My goal is to learn a bit more about generic programming in C++. So, one of the trickiest things I've heard you can do is creating a Variant class. This took me a while and I needed to read and study a few implementations:
#ifndef VARIANT_HPP_INCLUDED
#define VARIANT_HPP_INCLUDED
#include <cstddef>
#include <typeindex>
#include <type_traits>
#include <iostream>
namespace spaceengine
{
namespace utils
{
template<typename... Ts>
struct VariantHelper;
template<typename F, typename... Ts>
struct VariantHelper<F, Ts...>
{
inline static void Destroy(const std::type_index typeIndex, void* data)
{
if(typeIndex == std::type_index(typeid(F)))
reinterpret_cast<F*>(data)->~F();
else
VariantHelper<Ts...>::Destroy(typeIndex,data);
}
inline static void Move(const std::type_index oldTypeIndex, void* oldV, void* newV)
{
if(oldTypeIndex == std::type_index(typeid(F)))
new (newV) F(std::move(*reinterpret_cast<F*>(oldV)));
else
VariantHelper<Ts...>::Move(oldTypeIndex,oldV,newV);
}
inline static void Copy(const std::type_index oldTypeIndex, const void* oldV, void* newV)
{
if(oldTypeIndex == std::type_index(typeid(F)))
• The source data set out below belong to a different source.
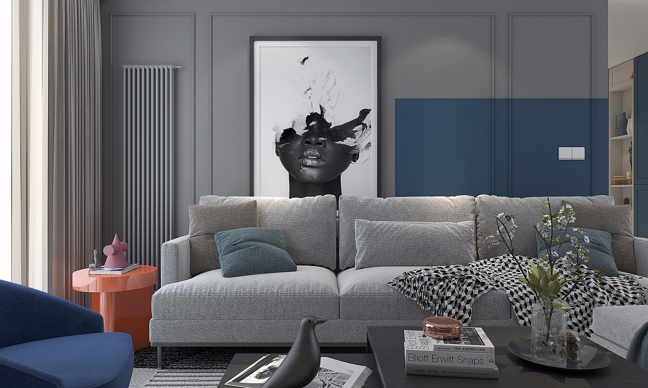 走进卧室,映入眼帘的是灰色床和蓝色墙面带来的强烈对比。衣帽间里是精致的“居居女孩”,衣帽间外是对生活充满了“狂想”的好奇女孩。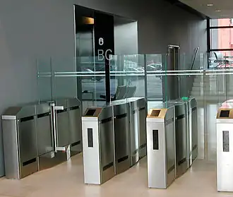Bij de entrees van gebouwen worden voor de toegangscontrole van personeel en bezoekers tourniquets of andersoortige poortjes geplaatst. Deze systemen zijn echter niet geschikt voor rolstoelen en kinderwagens. Daarom wordt in het algemeen naast een blok van tourniquets een speciale brede poort (90-95 cm) geplaatst waar rolstoelen en ook kinderwagens kunnen passeren.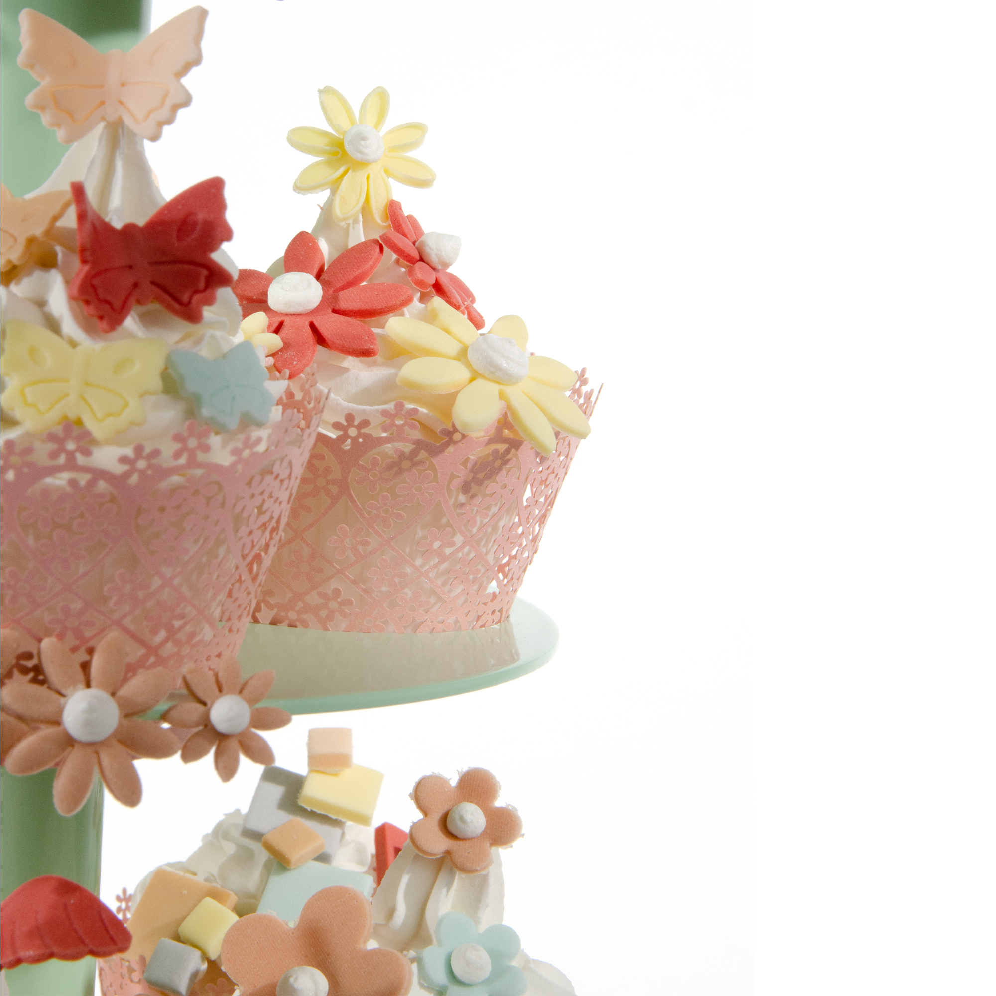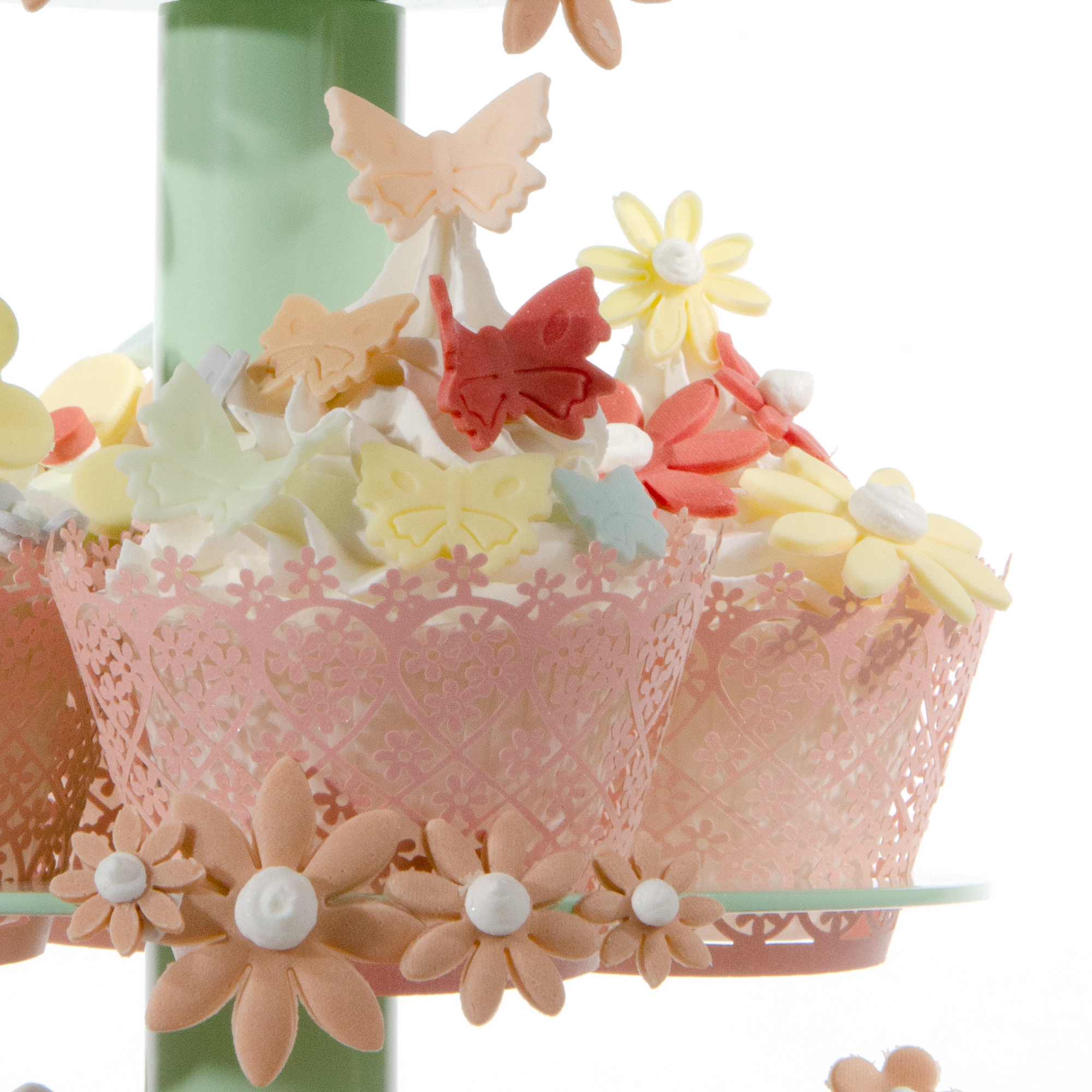 Die hier verwendete MINI CUPCAKE SPECIAL 4 ETAGERE in Hellgrün gehört zur XS Sertie und hat eine zierliche Größe. Sie bietet insgesamt 17 Aussparungen genau passend für Mini Cupcakes. Die oberste kleine Platte ist mit 7,5 cm Durchmesser gut für ein Mini Törtchen geeignet. Die Ränder der Platten sind ebenfalls mit ausgestochenen Blüten dekoriert.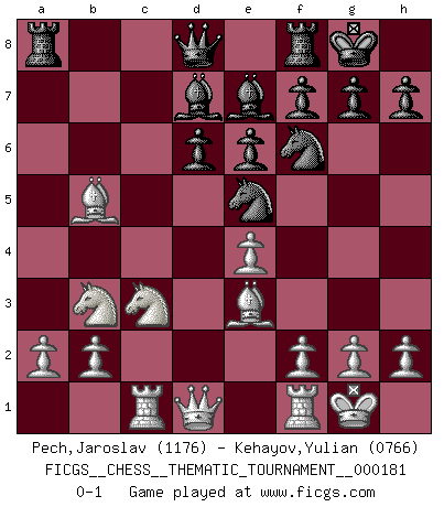 Last move : 0-1 2014 October 8 9:30:43 [Event "FICGS__CHESS__THEMATIC_TOURNAMENT__000181"] [Site "FICGS"] [Date "2014.07.11"] [Round "1"] [White "Pech,Jaroslav"] [Black "Kehayov,Yulian"] [Result "0-1"] [WhiteElo "1176"] [BlackElo "0766"] 1.e4 c5 2.Nf3 a6 3.c4 e6 4.Nc3 d6 5.d4 cxd4 6.Nxd4 Nf6 7.Be2 Be7 8.O-O O-O 9.Be3 Bd7 10.Rc1 Nc6 11.Nb3 b5 12.cxb5 axb5 13.Bxb5 Ne5 0-1 This chess game has been lost on time (started : 2014.07.11 1:56:6) Sicilian : O'Kelly variation Kingside Castling by player White (move 8) Kingside Castling by player Black (move 8) Player Black won this chess game. Follow this game move after move (download)Chess books should be used as we use glasses: to assist the sight, although some players make use of them as if they thought they conferred sight. (Jose Raul Capablanca) Schach ist wie eine schöne Frau, zu der wir ständig zurückkehren, gleichviel, wie oft sie uns zurückweist. (Anonymous) Un juego de Ajedrez es un dialogo, una conversación entre un jugador y su oponente. Cada movimiento del oponente puede contener amenazas o tropiezos, pero un jugador no se puede defender de las amenazas o tomar ventaja de los tropiezos si es que no se pregunta a sí mismo: ¿Que es lo que mi oponente va a hacer después de cada movida?. (Bruce A. Moon) C'est la seule position que je connaisse où les deux camps sont mals. Propos prêtés à V. Anand. A clear conscience is usually the sign of a bad memory. (Unknown)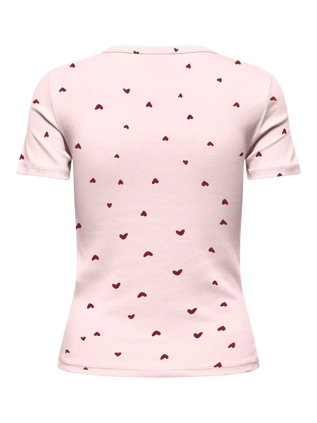 Pink t-shirt fra JDY med små, røde hjerter over hele stoffet. Toppen har en rund halsudskæring og korte ærmer.

new (newV) F(*reinterpret_cast<const F*>(oldV));
else
VariantHelper<Ts...>::Copy(oldTypeIndex,oldV,newV);
}
};
template<>
struct VariantHelper<>
{
inline static void Destroy(const std::type_index typeIndex, void* data){}
inline static void Move(const std::type_index oldTypeIndex, void* oldV, void* newV) {}
inline static void Copy(const std::type_index oldTypeIndex, const void* oldV, void* newV) {}
};
template<typename... Ts>
class Variant
{
public:
Variant() : m_typeIndex(InvalidType()){}
Variant(const Variant<Ts...>& old) : m_typeIndex(old.m_typeIndex)
{
HelperType::Copy(old.m_typeIndex, &old.m_data, &m_data);
}
Variant(Variant<Ts...>&& old) : m_typeIndex(old.m_typeIndex)
{
HelperType::Move(old.m_typeIndex, &old.m_data, &m_data);
}
Variant<Ts...>& operator=(Variant<Ts...> old)
{
m_typeIndex = old.m_typeIndex;
Variant<Ts...> temp(*this);
HelperType::Copy(old.m_typeIndex,&old.m_data,&m_data);
HelperType::Copy(temp.m_typeIndex,&temp.m_data,&old.m_data);
return *this;
}
template<typename T>
bool Is() const
{
return (m_typeIndex == std::type_index(typeid(T)));
}
bool IsValid() const
{
return (m_typeIndex != std::type_index(typeid(InvalidType())));
}
std::type_index GetTypeIndex() const { return m_typeIndex; }
template<typename T, typename... Args>
void Set(Args&&... args)
{
HelperType::Destroy(m_typeIndex,&m_data);
new (&m_data) T(std::forward<Args>(args)...);
m_typeIndex = std::type_index(typeid(T));
}
template<typename T>
const T& Get() const
{
if(m_typeIndex == std::type_index(typeid(T)))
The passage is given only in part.